[Stored items]

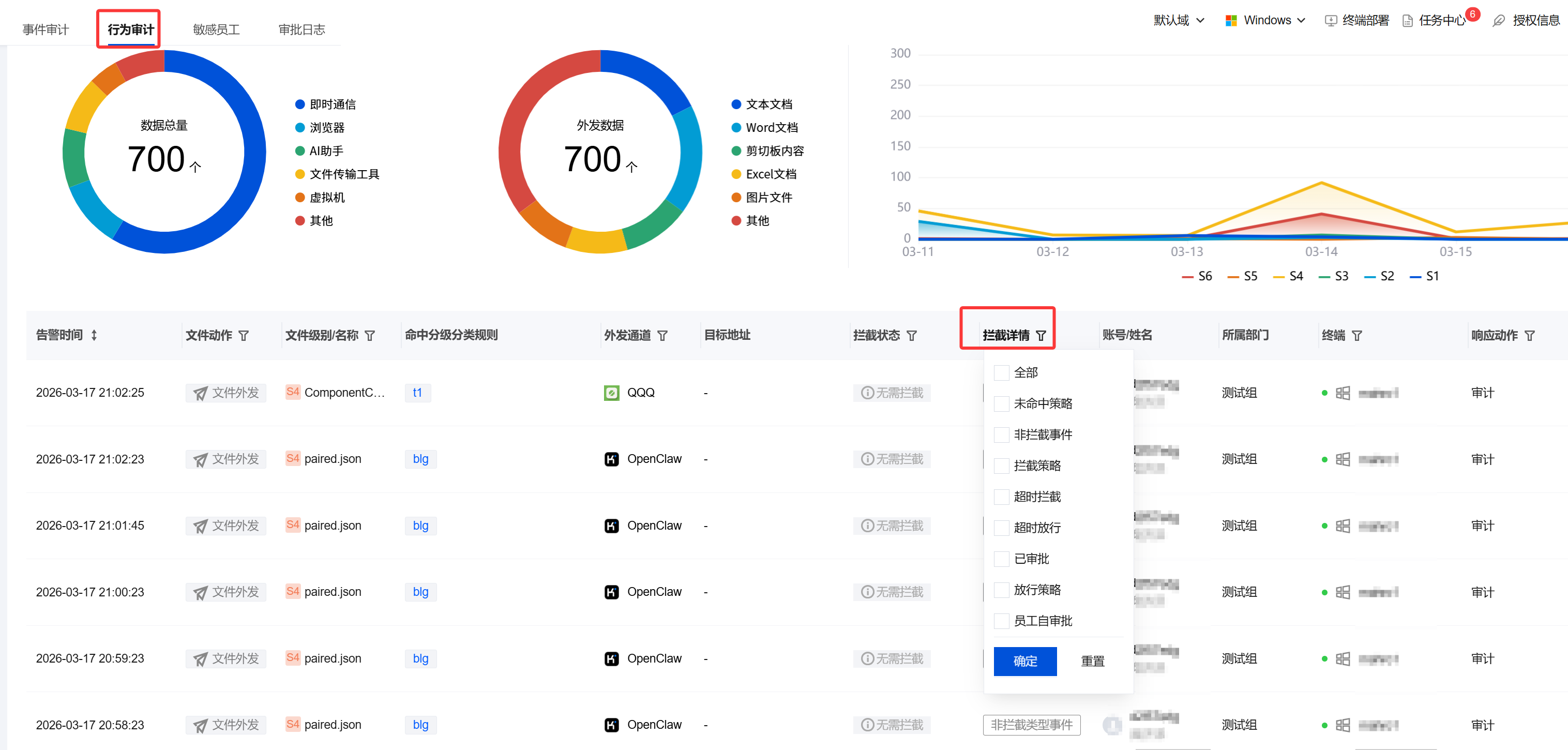 5. 行为审计日志支持展示拦截详情,拦截状态展示更清晰。
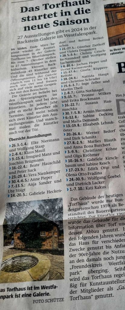 Am letzten Wochenende konnte ich einen letzten Blick auf die Torfhaus-Wintergalerie im Westfalenpark erhaschen – die Ausstellung von Wolfgang Goebel und Dietrich Lacker – und einen Anfangsblick auf 2 noch anhaltende Ausstellungen, deren Vernissagen gefeiert wurden: Einzelausstellung von Matthias Max Klemann im Schloss Rodenberg und Gemeinschaftsausstellung von Marc Bühren u.a. im „Friedrich“ genannten Ausstellungsraum des Hörder Kulturladens.
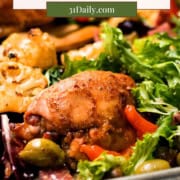 This muffaletta chicken recipe is an easy sheet pan dinner made with chicken thighs, cauliflower, olive salad, salami, roasted red peppers, and fresh greens. It has all the bold flavors of a muffaletta sandwich in a lighter, weeknight-friendly meal that comes together mostly in one pan.
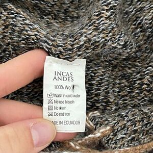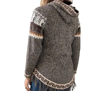 Vintage Womens Incas Andes Brown Alpaca Peruvian Soft Hoodie Fringe Sweater Sz M
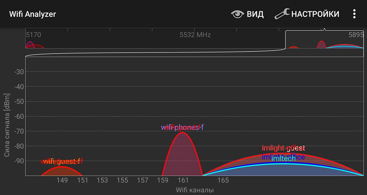 Загруженности радиосреды Wi-Fi-источниками в диапазоне 5,8 ГГц
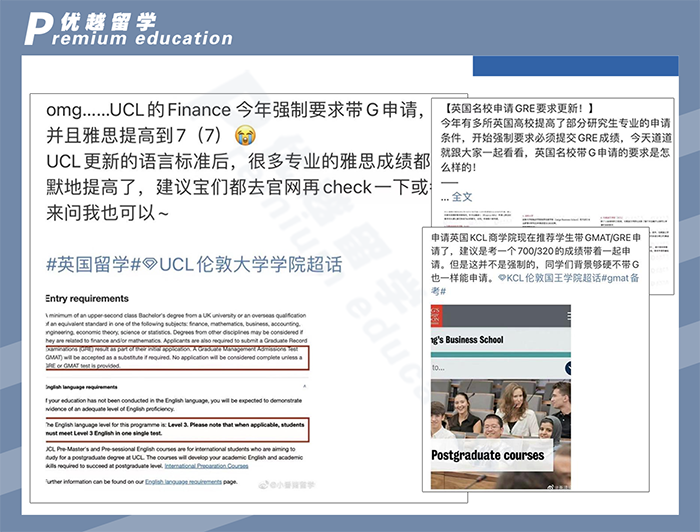 23fall英國研究生申請在新增list、雅思提高的夢幻開局后,英國熱門院校又開始向GMAT/GRE下手了!雖然之前大多英國專業都是不強制需要GMAT/GRE的,但今年也有以UCL為首的院校也將推薦提供GRE/GMAT申請,改成英國研究生申請必須要帶上才能申請。
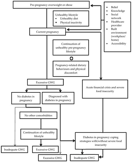 Although adequate GWG is important for favourable pregnancy outcomes, there is a paucity of data on the prevalence and modifiable risk factors of GWG, particularly in developing countries such as Malaysia. Most published studies focus on developed countries with distinct sociocultural contexts than developing countries, despite the fact that overnutrition is increasing while undernutrition persists in these countries [11,12]. A 2016 nationwide survey in Malaysia found that 14.6% of pregnant mothers were obese [13], and the prevalence was higher in hospital-based studies [14]. Moreover, most of the studies on GWG focused on the association between GWG and foetal and maternal outcomes, while existing local studies were limited to quantitative assessments of GWG predictors [15,16,17], and only one study examined the influence of socio-cultural norms and the environment on dietary nutrient intake and physical activity during pregnancy [18]. Farhana and colleagues found that inadequate GWG was prevalent among pregnant women in Kelantan, Malaysia, with low education, advanced maternal age, and pre-pregnancy overweight and obesity significantly associated with inadequate GWG [16]. However, the mechanism underlying the findings was unable to be determined due to the nature of the study. Additionally, nutrition during pregnancy is a critical determinant of maternal and foetal health, yet pregnant women are often influenced by conflicting narratives—including the cultural norm of “eating for two” and the reality of food insecurity, which limits access to nutritionally adequate food. These opposing forces can contribute to both excessive and inadequate GWG, complicating efforts to promote optimal maternal nutrition. Additionally, while suboptimal GWG is associated with poor maternal and foetal outcomes, food insecurity further compounds these risks and has been associated with adverse pregnancy outcomes, including maternal anemia, gestational diabetes mellitus (GDM), pre-eclampsia, preterm birth, intrauterine growth restriction (IUGR), and low birth weight. It is crucial to recognize that pregnancy represents a stage in a continuum of a woman’s health, where lifestyle choices made before, during, and after pregnancy collectively influence maternal and feotal outcomes. Thus, healthy living should extend beyond pregnancy and encompass the entire reproductive lifespan.
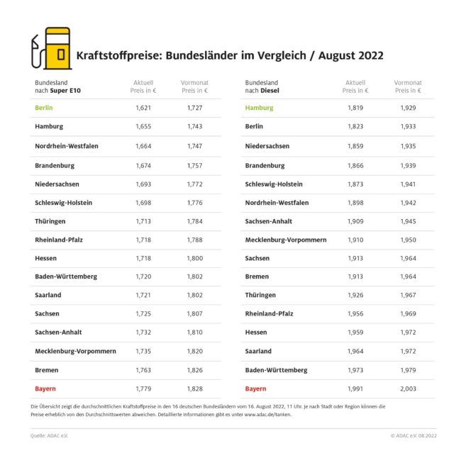 München (ots)   Die Preisunterschiede beim Tanken zwischen den deutschen Bundesländern werden immer größer. Die Leidtragenden sind derzeit vor allem die Autofahrer in Bayern, wo deutschlandweit die mit Abstand höchsten Kraftstoffpreise zu bezahlen sind. Als Gewinner dürfen sich momentan trotz allgemein hoher Preise die Verbraucher in Berlin und Hamburg fühlen – hier tankt man zurzeit deutlich…
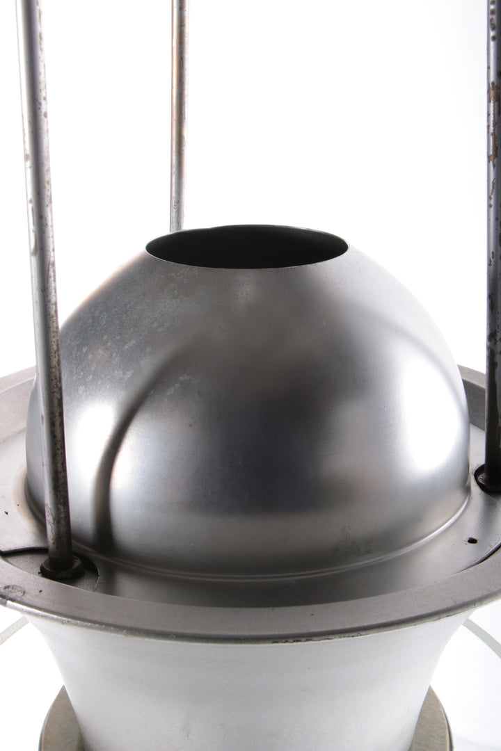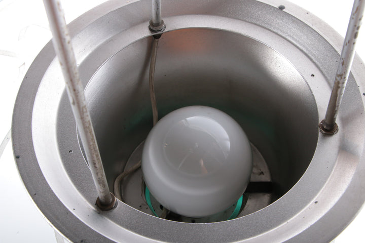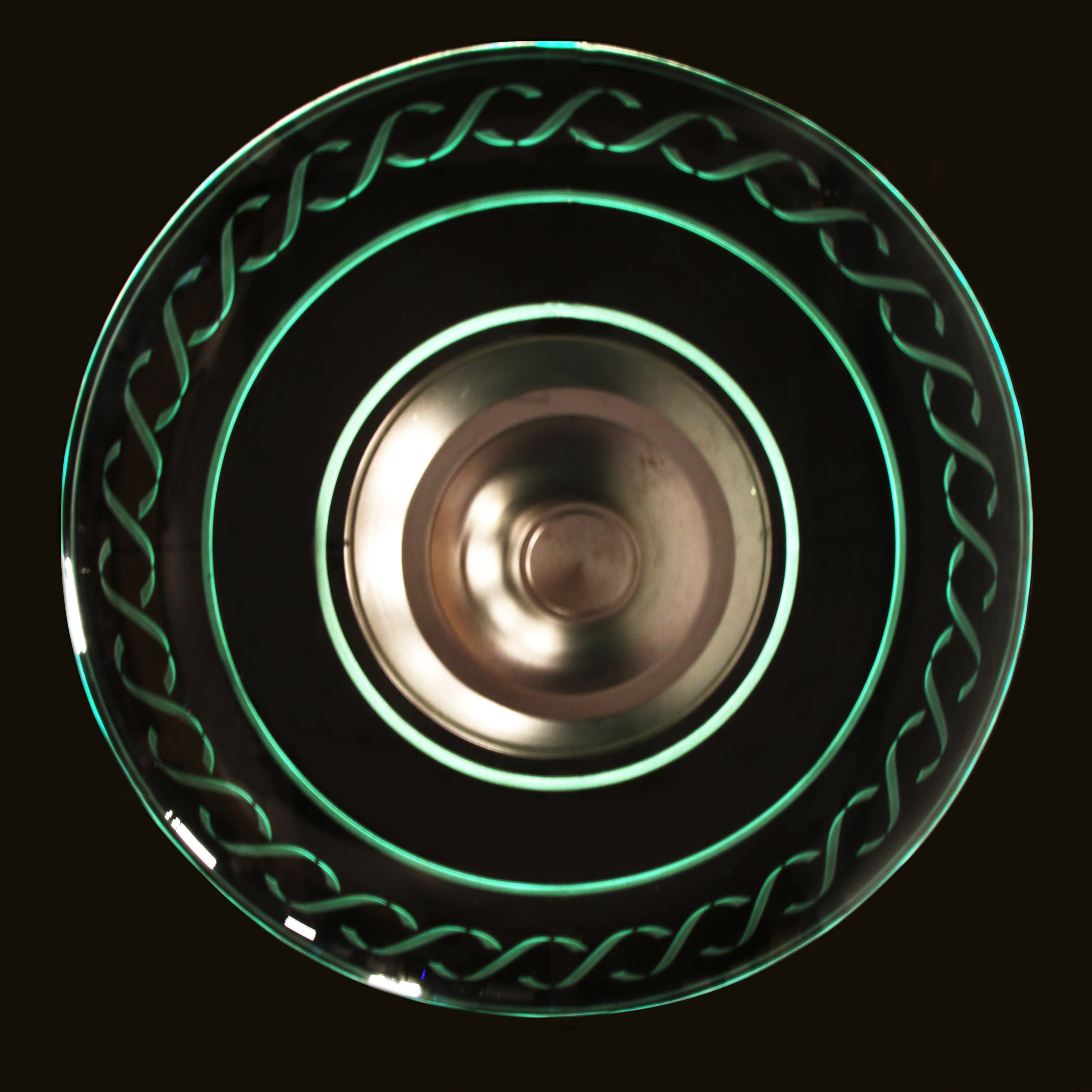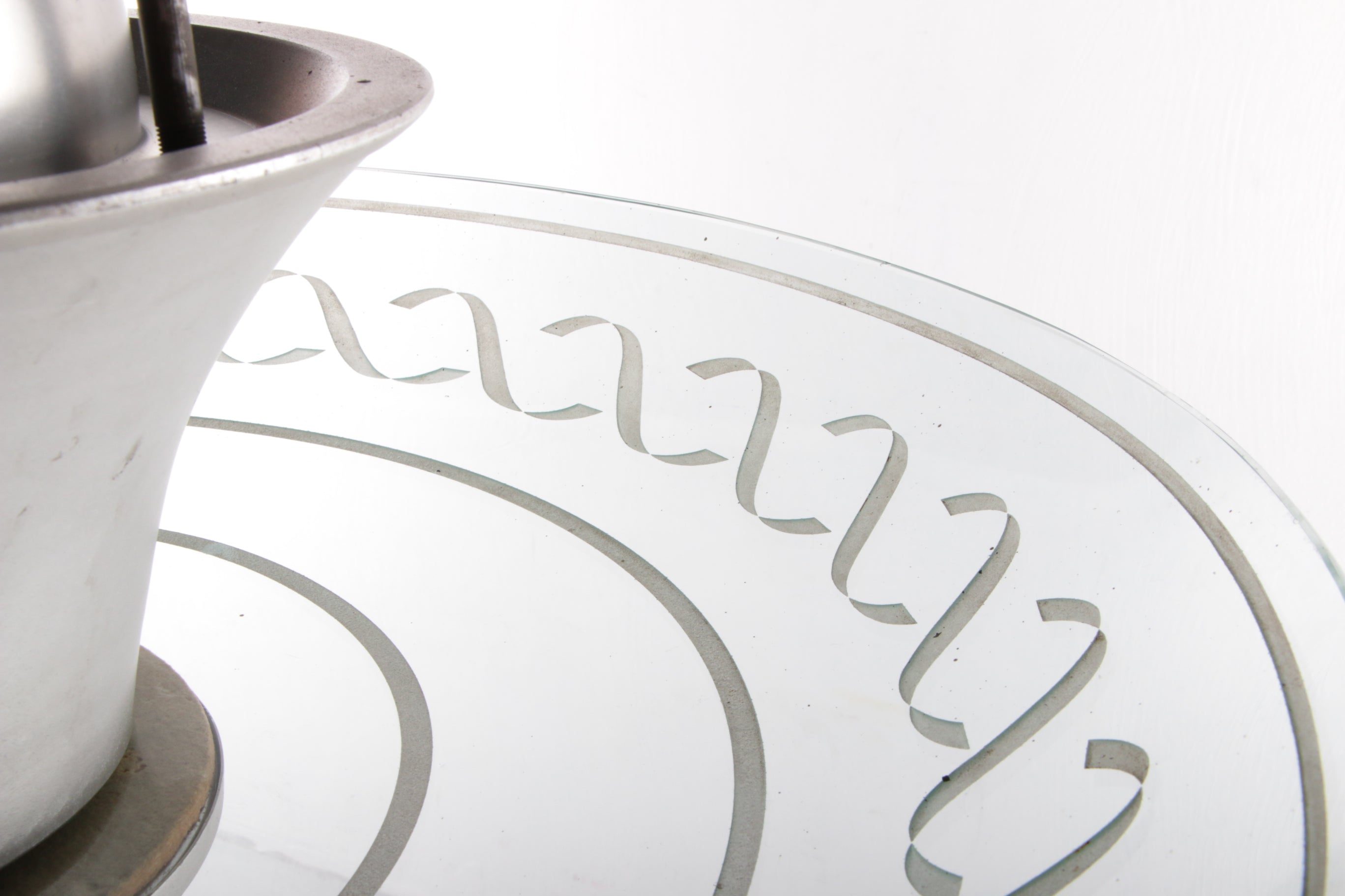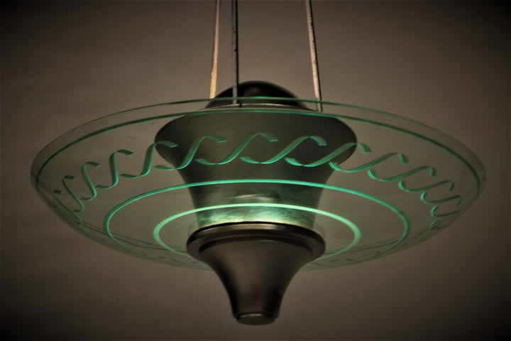 Crafted from aluminum, each lamp features an elegant design with a glass shade that is intricately cut, showcasing a beautiful decorative pattern. The unique glass work allows a soft green light to shine through, creating a captivating ambiance. The metal tubes supporting the lamps add to their sturdy yet stylish appearance.

# YOUR ASSIGNMENT
Each record must appear again exactly as written above, without its pictures.

# REPLY TO THE EXERCISE
 5. 行为审计日志支持展示拦截详情,拦截状态展示更清晰。
 Am letzten Wochenende konnte ich einen letzten Blick auf die Torfhaus-Wintergalerie im Westfalenpark erhaschen – die Ausstellung von Wolfgang Goebel und Dietrich Lacker – und einen Anfangsblick auf 2 noch anhaltende Ausstellungen, deren Vernissagen gefeiert wurden: Einzelausstellung von Matthias Max Klemann im Schloss Rodenberg und Gemeinschaftsausstellung von Marc Bühren u.a. im „Friedrich“ genannten Ausstellungsraum des Hörder Kulturladens.
 This muffaletta chicken recipe is an easy sheet pan dinner made with chicken thighs, cauliflower, olive salad, salami, roasted red peppers, and fresh greens. It has all the bold flavors of a muffaletta sandwich in a lighter, weeknight-friendly meal that comes together mostly in one pan.
 Vintage Womens Incas Andes Brown Alpaca Peruvian Soft Hoodie Fringe Sweater Sz M
 Загруженности радиосреды Wi-Fi-источниками в диапазоне 5,8 ГГц
 23fall英國研究生申請在新增list、雅思提高的夢幻開局后,英國熱門院校又開始向GMAT/GRE下手了!雖然之前大多英國專業都是不強制需要GMAT/GRE的,但今年也有以UCL為首的院校也將推薦提供GRE/GMAT申請,改成英國研究生申請必須要帶上才能申請。
 Although adequate GWG is important for favourable pregnancy outcomes, there is a paucity of data on the prevalence and modifiable risk factors of GWG, particularly in developing countries such as Malaysia. Most published studies focus on developed countries with distinct sociocultural contexts than developing countries, despite the fact that overnutrition is increasing while undernutrition persists in these countries [11,12]. A 2016 nationwide survey in Malaysia found that 14.6% of pregnant mothers were obese [13], and the prevalence was higher in hospital-based studies [14]. Moreover, most of the studies on GWG focused on the association between GWG and foetal and maternal outcomes, while existing local studies were limited to quantitative assessments of GWG predictors [15,16,17], and only one study examined the influence of socio-cultural norms and the environment on dietary nutrient intake and physical activity during pregnancy [18]. Farhana and colleagues found that inadequate GWG was prevalent among pregnant women in Kelantan, Malaysia, with low education, advanced maternal age, and pre-pregnancy overweight and obesity significantly associated with inadequate GWG [16]. However, the mechanism underlying the findings was unable to be determined due to the nature of the study. Additionally, nutrition during pregnancy is a critical determinant of maternal and foetal health, yet pregnant women are often influenced by conflicting narratives—including the cultural norm of “eating for two” and the reality of food insecurity, which limits access to nutritionally adequate food. These opposing forces can contribute to both excessive and inadequate GWG, complicating efforts to promote optimal maternal nutrition. Additionally, while suboptimal GWG is associated with poor maternal and foetal outcomes, food insecurity further compounds these risks and has been associated with adverse pregnancy outcomes, including maternal anemia, gestational diabetes mellitus (GDM), pre-eclampsia, preterm birth, intrauterine growth restriction (IUGR), and low birth weight. It is crucial to recognize that pregnancy represents a stage in a continuum of a woman’s health, where lifestyle choices made before, during, and after pregnancy collectively influence maternal and feotal outcomes. Thus, healthy living should extend beyond pregnancy and encompass the entire reproductive lifespan.
 München (ots)   Die Preisunterschiede beim Tanken zwischen den deutschen Bundesländern werden immer größer. Die Leidtragenden sind derzeit vor allem die Autofahrer in Bayern, wo deutschlandweit die mit Abstand höchsten Kraftstoffpreise zu bezahlen sind. Als Gewinner dürfen sich momentan trotz allgemein hoher Preise die Verbraucher in Berlin und Hamburg fühlen – hier tankt man zurzeit deutlich…
 Crafted from aluminum, each lamp features an elegant design with a glass shade that is intricately cut, showcasing a beautiful decorative pattern. The unique glass work allows a soft green light to shine through, creating a captivating ambiance. The metal tubes supporting the lamps add to their sturdy yet stylish appearance.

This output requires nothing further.